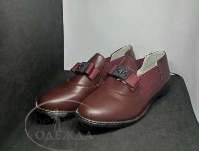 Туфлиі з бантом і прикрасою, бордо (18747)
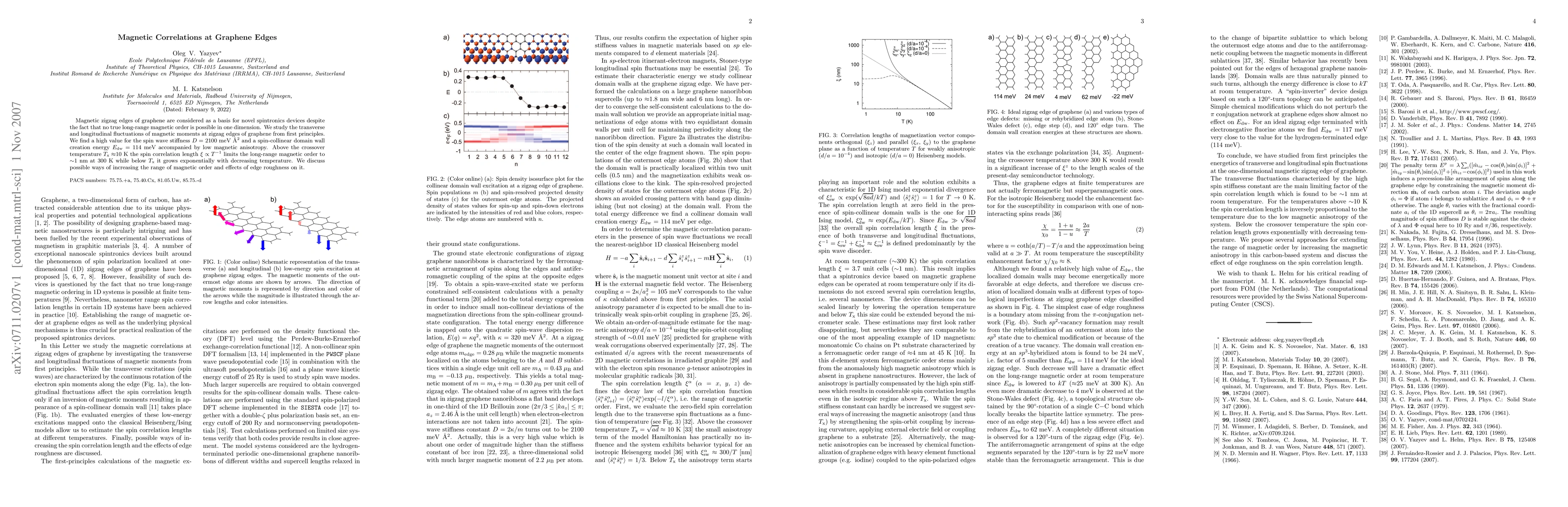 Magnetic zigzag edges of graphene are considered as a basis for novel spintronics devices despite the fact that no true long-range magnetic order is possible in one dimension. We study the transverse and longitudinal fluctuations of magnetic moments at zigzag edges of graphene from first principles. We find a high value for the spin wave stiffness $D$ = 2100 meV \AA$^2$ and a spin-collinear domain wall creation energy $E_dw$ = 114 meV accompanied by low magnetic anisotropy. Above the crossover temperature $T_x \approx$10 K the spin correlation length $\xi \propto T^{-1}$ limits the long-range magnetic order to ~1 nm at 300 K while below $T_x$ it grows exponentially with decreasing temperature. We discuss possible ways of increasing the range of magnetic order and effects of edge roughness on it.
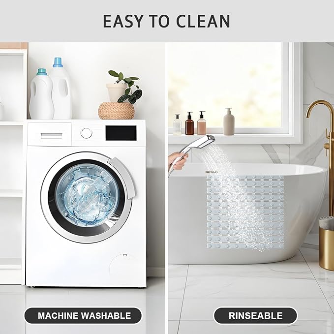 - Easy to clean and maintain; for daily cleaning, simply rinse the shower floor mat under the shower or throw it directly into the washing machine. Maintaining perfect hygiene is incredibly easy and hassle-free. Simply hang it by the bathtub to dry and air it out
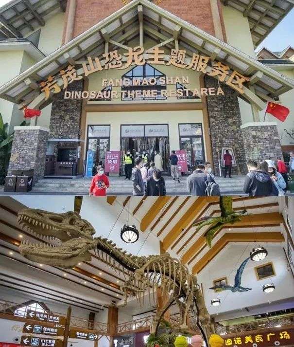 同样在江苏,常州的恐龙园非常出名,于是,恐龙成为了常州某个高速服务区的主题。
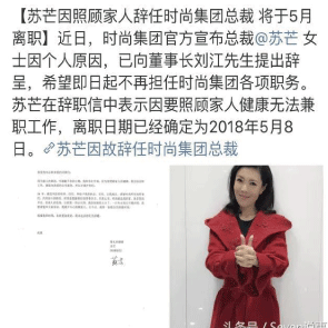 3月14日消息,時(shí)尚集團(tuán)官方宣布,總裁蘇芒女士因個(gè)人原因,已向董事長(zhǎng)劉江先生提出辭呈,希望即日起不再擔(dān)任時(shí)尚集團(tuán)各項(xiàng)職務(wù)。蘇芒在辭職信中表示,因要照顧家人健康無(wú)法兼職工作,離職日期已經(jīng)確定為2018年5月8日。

...

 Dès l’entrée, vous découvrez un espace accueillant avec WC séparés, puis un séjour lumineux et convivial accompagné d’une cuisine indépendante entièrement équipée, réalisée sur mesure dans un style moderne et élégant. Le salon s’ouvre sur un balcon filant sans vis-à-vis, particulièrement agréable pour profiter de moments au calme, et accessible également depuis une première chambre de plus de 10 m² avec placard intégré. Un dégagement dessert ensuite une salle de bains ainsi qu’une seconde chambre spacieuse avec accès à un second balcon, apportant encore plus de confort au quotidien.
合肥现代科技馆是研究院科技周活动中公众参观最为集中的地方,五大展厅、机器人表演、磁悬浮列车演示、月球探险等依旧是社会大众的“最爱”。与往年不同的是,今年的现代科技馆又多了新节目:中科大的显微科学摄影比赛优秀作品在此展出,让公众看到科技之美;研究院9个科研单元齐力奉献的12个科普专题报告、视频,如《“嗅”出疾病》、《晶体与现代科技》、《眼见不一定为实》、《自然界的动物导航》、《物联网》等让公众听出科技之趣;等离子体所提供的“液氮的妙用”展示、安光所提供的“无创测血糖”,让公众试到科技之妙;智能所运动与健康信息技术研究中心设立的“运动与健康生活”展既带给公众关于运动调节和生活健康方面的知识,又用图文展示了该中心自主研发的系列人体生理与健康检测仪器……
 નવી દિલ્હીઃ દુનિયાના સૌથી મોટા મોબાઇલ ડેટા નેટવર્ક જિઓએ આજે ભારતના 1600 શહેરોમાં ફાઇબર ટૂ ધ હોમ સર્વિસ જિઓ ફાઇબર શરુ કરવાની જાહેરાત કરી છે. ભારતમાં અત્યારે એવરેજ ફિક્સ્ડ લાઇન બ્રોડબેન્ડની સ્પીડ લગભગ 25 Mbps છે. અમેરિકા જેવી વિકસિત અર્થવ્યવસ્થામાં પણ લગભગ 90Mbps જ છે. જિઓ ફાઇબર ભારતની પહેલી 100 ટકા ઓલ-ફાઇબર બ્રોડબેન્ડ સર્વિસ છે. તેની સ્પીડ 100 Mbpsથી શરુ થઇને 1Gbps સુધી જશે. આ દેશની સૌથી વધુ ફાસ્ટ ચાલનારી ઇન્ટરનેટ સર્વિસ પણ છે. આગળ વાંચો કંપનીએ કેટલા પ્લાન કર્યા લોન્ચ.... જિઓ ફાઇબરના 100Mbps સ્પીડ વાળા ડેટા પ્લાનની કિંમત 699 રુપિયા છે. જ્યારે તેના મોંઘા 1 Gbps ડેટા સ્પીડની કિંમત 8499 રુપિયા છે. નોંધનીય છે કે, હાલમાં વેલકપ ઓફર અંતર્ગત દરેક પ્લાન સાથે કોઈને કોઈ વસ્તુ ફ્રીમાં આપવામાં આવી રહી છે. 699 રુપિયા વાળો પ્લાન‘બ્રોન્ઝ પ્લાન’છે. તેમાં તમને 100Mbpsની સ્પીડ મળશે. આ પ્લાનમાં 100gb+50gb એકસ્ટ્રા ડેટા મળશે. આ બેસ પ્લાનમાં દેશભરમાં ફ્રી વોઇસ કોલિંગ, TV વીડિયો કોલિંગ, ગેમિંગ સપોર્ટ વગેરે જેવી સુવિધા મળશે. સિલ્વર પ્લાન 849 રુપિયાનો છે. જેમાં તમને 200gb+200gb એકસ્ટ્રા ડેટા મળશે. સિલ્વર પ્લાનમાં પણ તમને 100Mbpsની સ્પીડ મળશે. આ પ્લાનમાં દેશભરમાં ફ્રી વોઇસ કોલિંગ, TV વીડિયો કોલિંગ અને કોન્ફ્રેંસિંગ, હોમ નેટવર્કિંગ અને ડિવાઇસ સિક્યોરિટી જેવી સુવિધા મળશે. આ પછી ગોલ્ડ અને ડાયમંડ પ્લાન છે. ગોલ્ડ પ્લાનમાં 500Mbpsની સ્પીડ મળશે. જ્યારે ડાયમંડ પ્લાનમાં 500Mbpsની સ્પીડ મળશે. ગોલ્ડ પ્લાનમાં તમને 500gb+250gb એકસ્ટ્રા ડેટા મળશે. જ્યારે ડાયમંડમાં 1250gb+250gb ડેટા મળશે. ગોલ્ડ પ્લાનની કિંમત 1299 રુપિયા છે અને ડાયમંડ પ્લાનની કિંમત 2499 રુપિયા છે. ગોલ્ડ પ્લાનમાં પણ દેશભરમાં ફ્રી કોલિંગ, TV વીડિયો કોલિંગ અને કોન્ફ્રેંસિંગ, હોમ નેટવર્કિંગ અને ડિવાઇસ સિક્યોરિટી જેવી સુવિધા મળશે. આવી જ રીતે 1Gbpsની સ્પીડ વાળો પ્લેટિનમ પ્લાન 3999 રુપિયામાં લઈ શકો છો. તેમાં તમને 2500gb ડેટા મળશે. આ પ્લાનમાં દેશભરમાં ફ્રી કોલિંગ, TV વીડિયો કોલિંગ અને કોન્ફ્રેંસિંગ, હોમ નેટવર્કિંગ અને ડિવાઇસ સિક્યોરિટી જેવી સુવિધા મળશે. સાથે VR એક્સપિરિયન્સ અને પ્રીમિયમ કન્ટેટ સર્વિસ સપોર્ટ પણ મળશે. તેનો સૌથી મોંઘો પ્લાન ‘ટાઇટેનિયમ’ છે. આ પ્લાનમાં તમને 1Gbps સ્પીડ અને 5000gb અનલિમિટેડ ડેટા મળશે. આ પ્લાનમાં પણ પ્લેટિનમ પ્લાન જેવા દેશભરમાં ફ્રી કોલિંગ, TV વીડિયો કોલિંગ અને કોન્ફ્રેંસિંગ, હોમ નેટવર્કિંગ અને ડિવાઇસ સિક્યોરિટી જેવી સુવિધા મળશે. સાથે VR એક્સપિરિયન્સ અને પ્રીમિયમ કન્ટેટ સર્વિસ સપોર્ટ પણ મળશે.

==

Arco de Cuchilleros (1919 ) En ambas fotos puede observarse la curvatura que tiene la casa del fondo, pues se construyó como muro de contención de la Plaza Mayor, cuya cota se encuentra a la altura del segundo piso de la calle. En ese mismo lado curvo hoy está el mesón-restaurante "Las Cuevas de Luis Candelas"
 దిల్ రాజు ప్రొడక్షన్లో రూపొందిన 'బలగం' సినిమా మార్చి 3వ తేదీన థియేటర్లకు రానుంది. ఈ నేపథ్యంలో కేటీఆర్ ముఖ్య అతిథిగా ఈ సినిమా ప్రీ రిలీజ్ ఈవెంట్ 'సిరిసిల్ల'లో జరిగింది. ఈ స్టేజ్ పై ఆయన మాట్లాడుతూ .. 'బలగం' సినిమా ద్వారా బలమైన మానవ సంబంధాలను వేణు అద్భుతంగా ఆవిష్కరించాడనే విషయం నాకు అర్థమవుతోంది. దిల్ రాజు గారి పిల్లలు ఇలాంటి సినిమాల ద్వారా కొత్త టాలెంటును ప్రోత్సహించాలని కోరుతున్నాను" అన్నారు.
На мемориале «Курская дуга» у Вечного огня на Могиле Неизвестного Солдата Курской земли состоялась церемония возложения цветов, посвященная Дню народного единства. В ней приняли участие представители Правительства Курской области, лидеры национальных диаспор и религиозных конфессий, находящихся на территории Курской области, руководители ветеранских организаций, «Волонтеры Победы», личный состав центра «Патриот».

#### [TASK PROMPT]
Using the entries above, extract exactly the span from the line with "Dès l’entrée, vous" to the line with "合肥现代科技馆是研究院科技周", both lines included; leave out everything else.

#### [FINAL ANSWER]
 Dès l’entrée, vous découvrez un espace accueillant avec WC séparés, puis un séjour lumineux et convivial accompagné d’une cuisine indépendante entièrement équipée, réalisée sur mesure dans un style moderne et élégant. Le salon s’ouvre sur un balcon filant sans vis-à-vis, particulièrement agréable pour profiter de moments au calme, et accessible également depuis une première chambre de plus de 10 m² avec placard intégré. Un dégagement dessert ensuite une salle de bains ainsi qu’une seconde chambre spacieuse avec accès à un second balcon, apportant encore plus de confort au quotidien.
合肥现代科技馆是研究院科技周活动中公众参观最为集中的地方,五大展厅、机器人表演、磁悬浮列车演示、月球探险等依旧是社会大众的“最爱”。与往年不同的是,今年的现代科技馆又多了新节目:中科大的显微科学摄影比赛优秀作品在此展出,让公众看到科技之美;研究院9个科研单元齐力奉献的12个科普专题报告、视频,如《“嗅”出疾病》、《晶体与现代科技》、《眼见不一定为实》、《自然界的动物导航》、《物联网》等让公众听出科技之趣;等离子体所提供的“液氮的妙用”展示、安光所提供的“无创测血糖”,让公众试到科技之妙;智能所运动与健康信息技术研究中心设立的“运动与健康生活”展既带给公众关于运动调节和生活健康方面的知识,又用图文展示了该中心自主研发的系列人体生理与健康检测仪器……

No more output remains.